- Data provided -
━━━━━━━━━━
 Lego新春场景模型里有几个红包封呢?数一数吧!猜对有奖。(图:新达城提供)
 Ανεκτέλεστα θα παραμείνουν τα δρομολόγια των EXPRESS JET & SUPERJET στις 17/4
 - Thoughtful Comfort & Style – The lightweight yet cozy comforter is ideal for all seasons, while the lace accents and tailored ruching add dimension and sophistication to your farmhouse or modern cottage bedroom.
━━━━━━━━━━
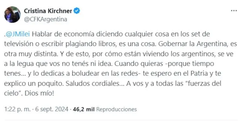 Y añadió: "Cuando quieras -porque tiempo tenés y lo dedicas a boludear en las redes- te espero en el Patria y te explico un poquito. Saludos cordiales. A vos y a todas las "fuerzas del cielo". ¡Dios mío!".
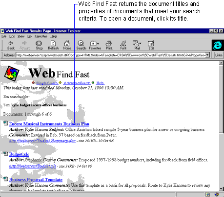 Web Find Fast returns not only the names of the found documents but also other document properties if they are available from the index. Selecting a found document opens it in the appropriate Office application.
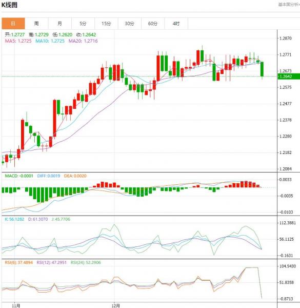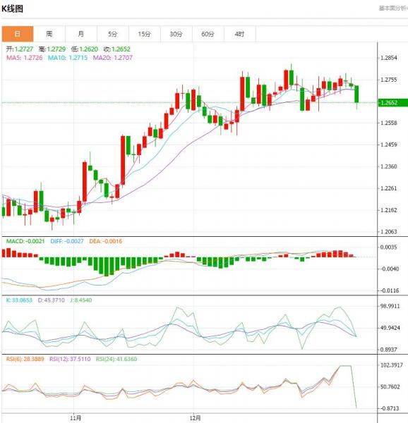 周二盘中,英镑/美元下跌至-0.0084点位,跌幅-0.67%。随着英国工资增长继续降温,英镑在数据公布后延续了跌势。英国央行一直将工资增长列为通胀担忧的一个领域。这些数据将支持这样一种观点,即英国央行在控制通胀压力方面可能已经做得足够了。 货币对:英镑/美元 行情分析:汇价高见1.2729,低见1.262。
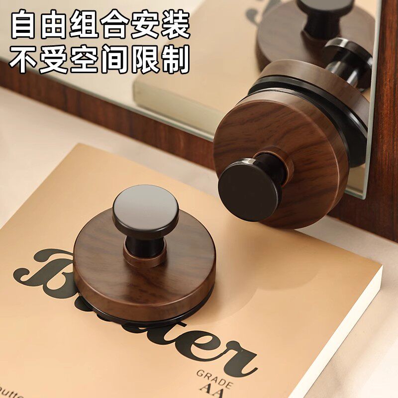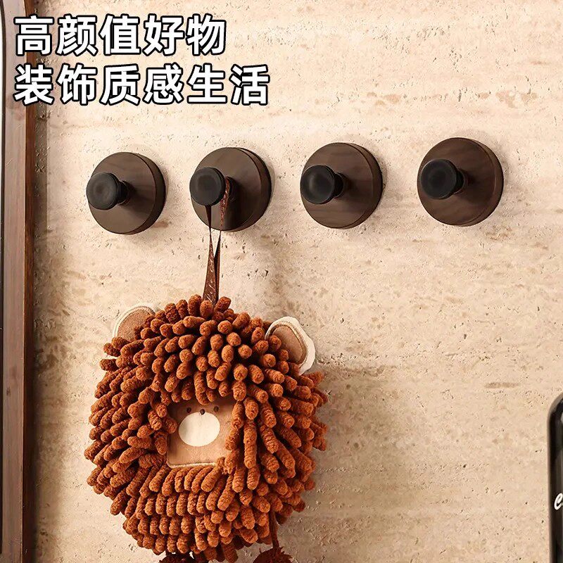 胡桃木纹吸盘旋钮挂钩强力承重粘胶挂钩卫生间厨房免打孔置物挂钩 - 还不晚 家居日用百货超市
━━━━━━━━━━
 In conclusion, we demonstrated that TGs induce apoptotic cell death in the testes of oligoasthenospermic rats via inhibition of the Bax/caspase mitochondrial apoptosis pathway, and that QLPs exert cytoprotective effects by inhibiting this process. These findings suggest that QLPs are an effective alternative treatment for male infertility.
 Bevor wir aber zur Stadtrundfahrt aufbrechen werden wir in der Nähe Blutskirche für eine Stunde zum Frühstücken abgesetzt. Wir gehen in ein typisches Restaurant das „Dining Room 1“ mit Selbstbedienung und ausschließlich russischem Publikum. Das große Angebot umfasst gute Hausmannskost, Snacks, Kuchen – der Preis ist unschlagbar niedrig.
━━━━━━━━━━
Only one stretch of the records above is wanted: the lines between the one holding "In conclusion, we" and the one holding "Bevor wir aber", inclusive, reproduced exactly.

- Answer section -
 In conclusion, we demonstrated that TGs induce apoptotic cell death in the testes of oligoasthenospermic rats via inhibition of the Bax/caspase mitochondrial apoptosis pathway, and that QLPs exert cytoprotective effects by inhibiting this process. These findings suggest that QLPs are an effective alternative treatment for male infertility.
 Bevor wir aber zur Stadtrundfahrt aufbrechen werden wir in der Nähe Blutskirche für eine Stunde zum Frühstücken abgesetzt. Wir gehen in ein typisches Restaurant das „Dining Room 1“ mit Selbstbedienung und ausschließlich russischem Publikum. Das große Angebot umfasst gute Hausmannskost, Snacks, Kuchen – der Preis ist unschlagbar niedrig.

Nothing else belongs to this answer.